Creepy face by Yao there. He must have learned it from JVG in the other thread I saw. Yeah the Rockets should win. I like seeing Mcgrady go for 40 but the roleplayers have to get going. They've been inconsistent as hell lately.


----------



## Smooth Lotion (Jan 7, 2005)

I agree Rickbarry::: especially Wesley!


----------



## FirstRocket (Mar 10, 2005)

*How is JVG going to talk to Yao? Don't forget Yao has a bad ear. Need a ladder, JVG? :biggrin: *


----------



## FirstRocket (Mar 10, 2005)

*Photos from previous game, Rockets routed TrailBlazers 108-77 at Toyota Center on March 17th 2005.*
​


----------



## FirstRocket (Mar 10, 2005)

Rickbarry said:


> Creepy face by Yao there. He must have learned it from JVG in the other thread I saw.

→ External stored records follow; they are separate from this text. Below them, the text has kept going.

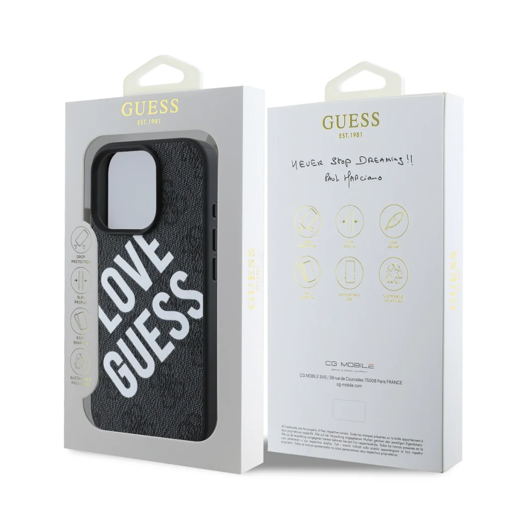 A Guess "4G" elegáns nyomat és a merész "Love Guess" felirat nemcsak luxus megjelenést kölcsönöz, hanem fantáziadús megoldást is kínál.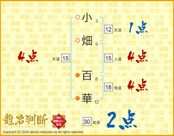 小畑百華さんの総運は30画の2点!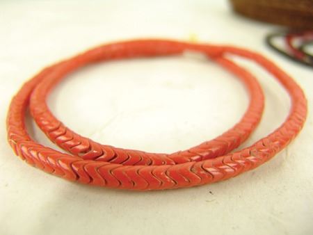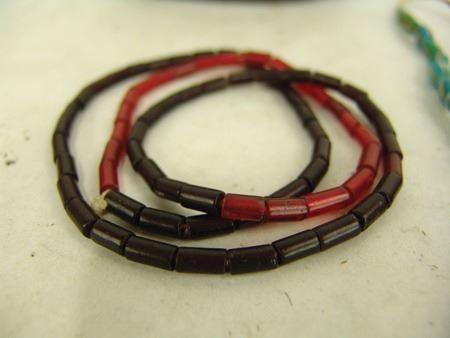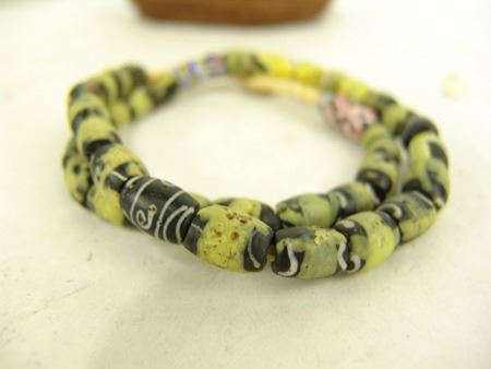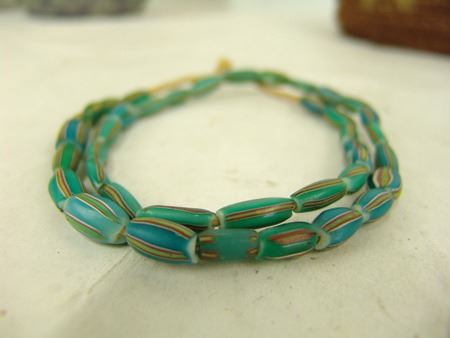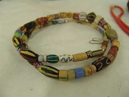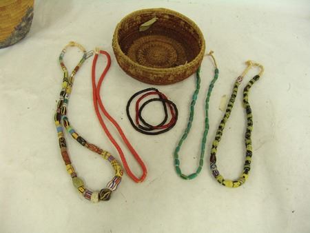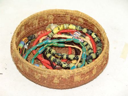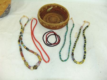 Early/Mid 1900s, Collection of five strands of vintage and antique milifiore, Venetian, etc. beads in a 1930s raffia basket. 2-1/2" x 7-1/4"

*I agreed. Yao does have a creepy face. The picture below would be a better Yao to have.*


----------



## SpursFan16 (Mar 29, 2005)

You guys should kill them, I hope Yao plays well.


----------



## SpursFan16 (Mar 29, 2005)

Prediction

Houston - 109
Portland - 86

Yao with 20 points
T-Mac with 35


----------



## DwyaneWade4MVP (Apr 1, 2004)

I predict:

Houston 110
-
Portland 98


----------



## ThaShark316 (May 7, 2004)

Well, I know a 31 point win wont happen tonight, only because its SO hard to win on the road (albeit we're a pretty good road team). I say we win, but Portland makes a work for it a bit.

Rockets 104
Blazers 95


----------



## Smooth Lotion (Jan 7, 2005)

FirstRocket said:


> *How is JVG going to talk to Yao? Don't forget Yao has a bad ear. Need a ladder, JVG? :biggrin: *


lol :cheers:


----------



## The_Franchise (Mar 30, 2003)

McGrady has trouble shooting over Miles, he needs to go strong to the basket with Miles on him. Of course, if he's shooting like he did against Utah, let the good times roll.

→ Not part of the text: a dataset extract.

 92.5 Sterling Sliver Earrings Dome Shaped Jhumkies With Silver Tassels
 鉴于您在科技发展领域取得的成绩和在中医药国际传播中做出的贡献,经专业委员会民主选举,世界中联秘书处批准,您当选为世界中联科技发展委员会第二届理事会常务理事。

I wish Howard was playing tonight, so everyone could see how he plays against the overrated SAR. SAR is better than Howard, but definitely not to the extent most people make it out to be.

Houston 98
Portland 82


----------



## Hakeem (Aug 12, 2004)

Yao 10 points in 5 mins. Watch out, Wilt!

Edit: 12 points in 6 mins now.


----------



## The_Franchise (Mar 30, 2003)

Yao just had a top 10 play of the year! He dribbled down the court, went behind his back and dunked the ball... that was great.


----------



## crimsonice (Feb 27, 2003)

nice moves Yao...


----------



## kisstherim (Jul 15, 2004)

Mr. Roger's Cardigan said:


> Yao just had a top 10 play of the year! He dribbled down the court, went behind his back and dunked the ball... that was great.

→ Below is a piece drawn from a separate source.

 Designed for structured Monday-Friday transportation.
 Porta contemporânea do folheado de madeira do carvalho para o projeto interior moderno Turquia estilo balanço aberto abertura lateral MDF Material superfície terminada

i am following the boxscore,what a shame :boohoo:


----------



## ThaShark316 (May 7, 2004)

Yao Ming aka Street Ball Legend! :cheers:


----------



## The_Franchise (Mar 30, 2003)

14 points and 4 rebounds for Yao in the first quarter... and he just stuffed Ha.


----------



## The_Franchise (Mar 30, 2003)

Bowen has such a solid mid range jumper, rarely misses. Ugh... Damon Stoudamire just scored 5 points in the last 3 seconds of the first quarter. Sloppy basketball. Stoudamire seems to go berserk every time he plays us.

Houston 31
Portland 26

End of 1

Yao: 14 pts, 5-6 FG, 4 reb, 2 PF
McGrady: 2 pts, *2 PF*


----------



## FirstRocket (Mar 10, 2005)

I just came back. Yao and McGrady are in an offensive mood. Great to see our two stars playing well.


----------



## Hakeem (Aug 12, 2004)

When is Sura going to learn that he can't shoot threes?


----------



## TheRoc5 (Mar 1, 2005)

this is going well yao is realy doing well and tmac is doing it easy man up by 8


----------



## vi3t_boi11 (Aug 14, 2004)

Mr. Roger's Cardigan said:


> Yao just had a top 10 play of the year! He dribbled down the court, went behind his back and dunked the ball... that was great.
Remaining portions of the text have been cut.